Liberty's Desperate Hour and the Ten Critical Days of The American Revolution
THE ROAD TO ASSUNPINK CREEK puts a spotlight on what may be the most unappreciated moment of a young nation’s revolutionary struggle when George Washington’s army narrowly escaped destruction to keep alive its fight for American independence.
Perhaps no military action in our country’s history is more paradoxical than the one on the road to Assunpink Creek, and at the bridge that crossed it, in the sense that its obscurity in the public mind and neglect by many historians is so disproportionate to its impact on the course of a conflict with global implications. The Battle of Assunpink Creek on January 2, 1777 was the second in a sequence of three victories by George Washington’s army during the “Ten Crucial Days” of the American Revolution—the period from December 25, 1776 through January 3, 1777. Those rapid-fire triumphs, the first significant successes by the Continental Army, reversed the momentum of the war when it appeared that America’s quest for independence from Great Britain was on the verge of total defeat.

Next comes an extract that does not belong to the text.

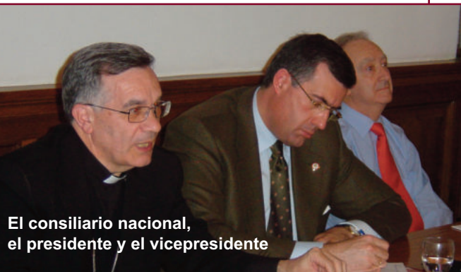
El consiliario nacional, el presidente y el vicepresidente

Comenzó Borobio su exposición con un breve repaso a la situación política y social por la que atravesaba España cuando, a principios del siglo XX, nace la Asociación Católica de Propagandistas. En ese momento, “los católicos, a pesar de que constituyen la inmensa masa del pueblo español, apenas tienen influencia social”. El Vaticano conocía la situación. El nuncio, monseñor Antonio Vico, habla con el padre Ángel Ayala para poner solución. De ahí nace ese “grupo de jóvenes selectos” que tenían por objetivo “el apremiante despertar de las conciencias dormidas de los católicos españoles, unidos en eficaces acciones en servicio de la Iglesia y de la sociedad”.

When Washington’s army made its legendary Christmas night crossing of the Delaware River and captured the Hessian garrison in Trenton, the British and Hessian commanders sought a revenge that would destroy Washington’s dwindling army. Lt. General Charles Cornwallis was sent south with a force of over 7,000 men toward Trenton where Washington had set up a defensive position on the south bank of the Assunpink Creek. The ensuing engagement, also known as The Second Battle of Trenton, was in fact part of the Princeton Campaign. THE ROAD TO ASSUNPINK CREEK offers what many students of the period may regard as an unconventional and even contrarian approach. It does so by paying particular attention to what the author contends is clearly the most unappreciated event during this vital epoch and possibly of the entire war for independence — the military actions that occurred throughout the day and into the evening hours on January 2, 1777.